§ Activity:
Leave out any pictures and transcribe all other data below exactly.

= = = = =

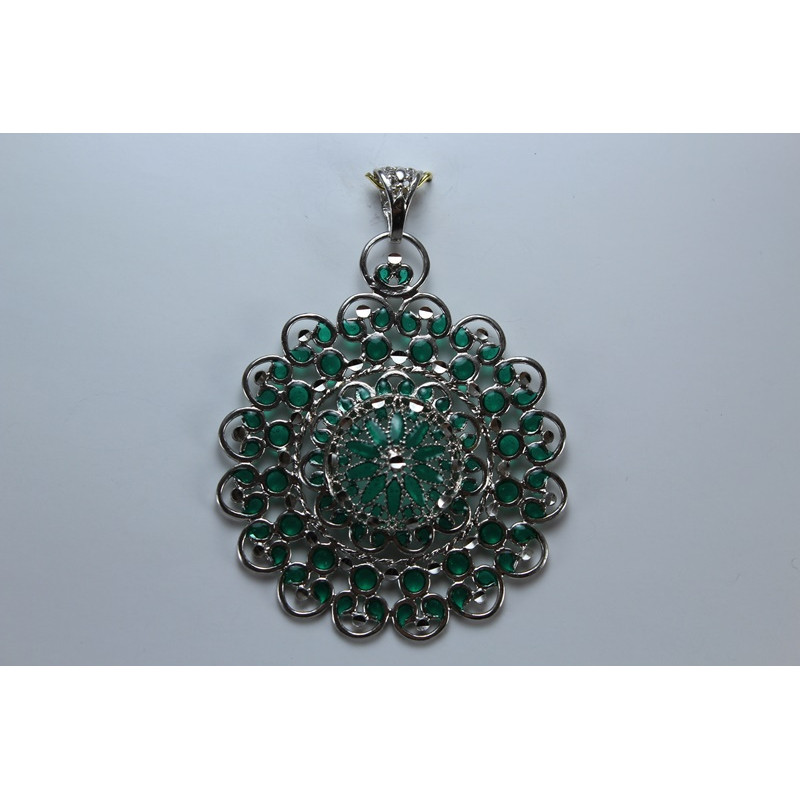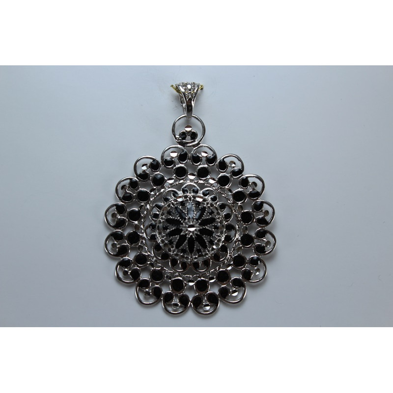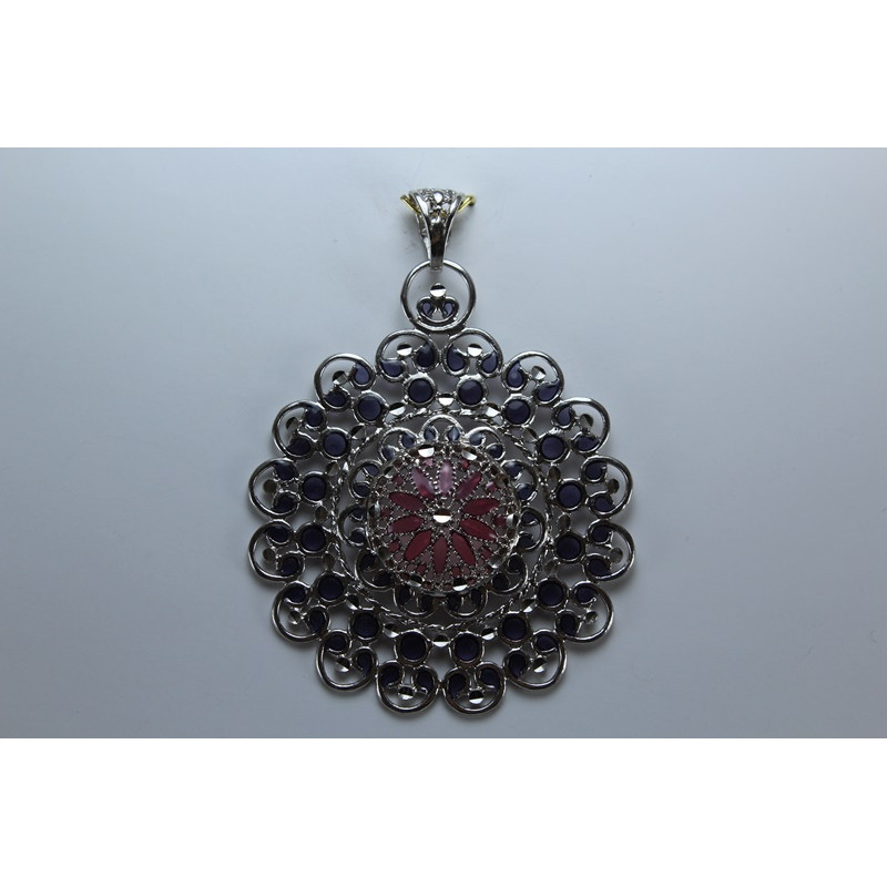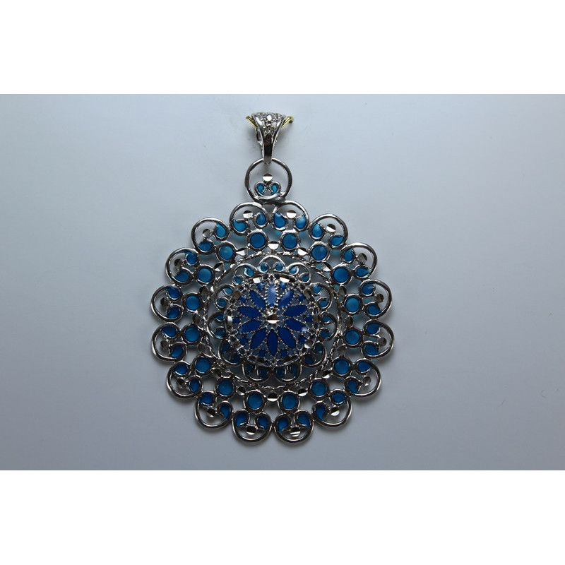 Colgante en plata de 925mls. Con baño de rodio. Combinados con cerámica vidriada para metales. Decorado con la Flor de la Vida combinado con dibujo de Arte Emiral y Califal Andalusí del califato de Abderramán III en 929 d.C.
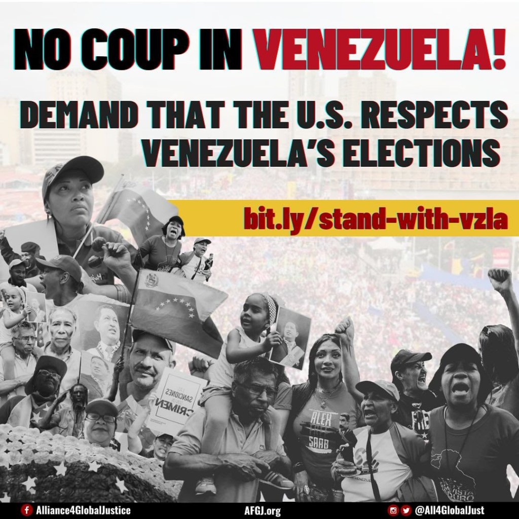 The U.S. has created obstacles to free and fair elections in Venezuela in several ways. First, through the imposition of an illegal economic blockade estimated to have caused over 40,000 Venezuelan deaths and denounced by UN rapporteurs – which it threatens to continue if the will of the Venezuelan people is reflected in the inauguration of Nicolás Maduro. Second, through its implication in repeated assassination attempts against President Maduro, who in the months leading up to Venezuela’s presidential election was leading in polls such as DataViva, CMIDE and IdeaDatos. Third, by funneling millions of dollars to civil society organizations – some of which are responsible for inciting violence against civilians following the elections. All attempts to destabilize Venezuela’s democracy are violations of international law and basic standards of diplomacy and must cease immediately. Take action!
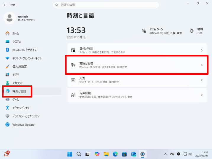 [時刻と言語]→[言語と地域]をクリックします。
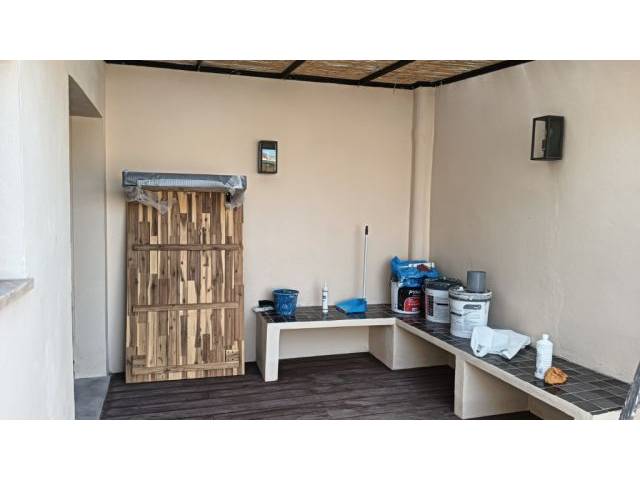 It has a partially covered terrace of about 25 m2 with south orientation and can be accessed from the kitchen or one of the bedrooms and is located at the back of the house with partial views of the sea.
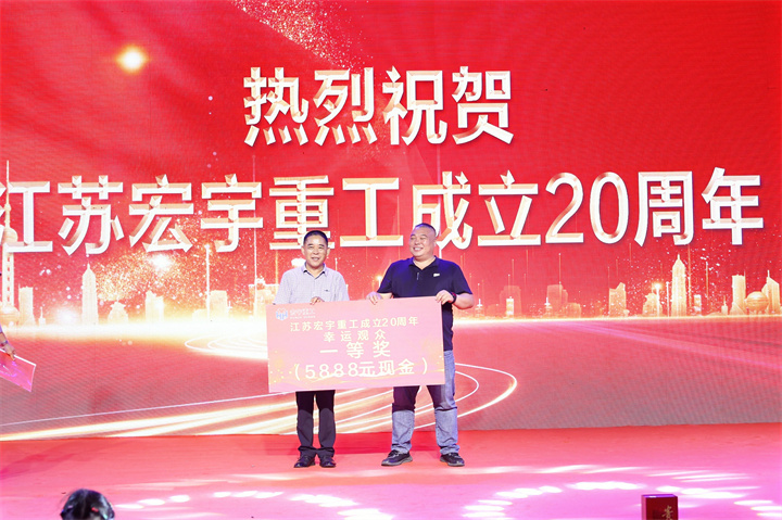 公司總經(jīng)理李善清為公司成立二十年來忠誠敬業(yè)的員工代表頒發(fā)了江蘇宏宇重工科技有限公司20周年幸運獎,表彰員工為公司發(fā)展做出的貢獻(xiàn),感謝公司客戶長期以來對宏宇的關(guān)心與支持。

= = = = =

§ Solution to the exercise:
 Colgante en plata de 925mls. Con baño de rodio. Combinados con cerámica vidriada para metales. Decorado con la Flor de la Vida combinado con dibujo de Arte Emiral y Califal Andalusí del califato de Abderramán III en 929 d.C.
 The U.S. has created obstacles to free and fair elections in Venezuela in several ways. First, through the imposition of an illegal economic blockade estimated to have caused over 40,000 Venezuelan deaths and denounced by UN rapporteurs – which it threatens to continue if the will of the Venezuelan people is reflected in the inauguration of Nicolás Maduro. Second, through its implication in repeated assassination attempts against President Maduro, who in the months leading up to Venezuela’s presidential election was leading in polls such as DataViva, CMIDE and IdeaDatos. Third, by funneling millions of dollars to civil society organizations – some of which are responsible for inciting violence against civilians following the elections. All attempts to destabilize Venezuela’s democracy are violations of international law and basic standards of diplomacy and must cease immediately. Take action!
 [時刻と言語]→[言語と地域]をクリックします。
 It has a partially covered terrace of about 25 m2 with south orientation and can be accessed from the kitchen or one of the bedrooms and is located at the back of the house with partial views of the sea.
 公司總經(jīng)理李善清為公司成立二十年來忠誠敬業(yè)的員工代表頒發(fā)了江蘇宏宇重工科技有限公司20周年幸運獎,表彰員工為公司發(fā)展做出的貢獻(xiàn),感謝公司客戶長期以來對宏宇的關(guān)心與支持。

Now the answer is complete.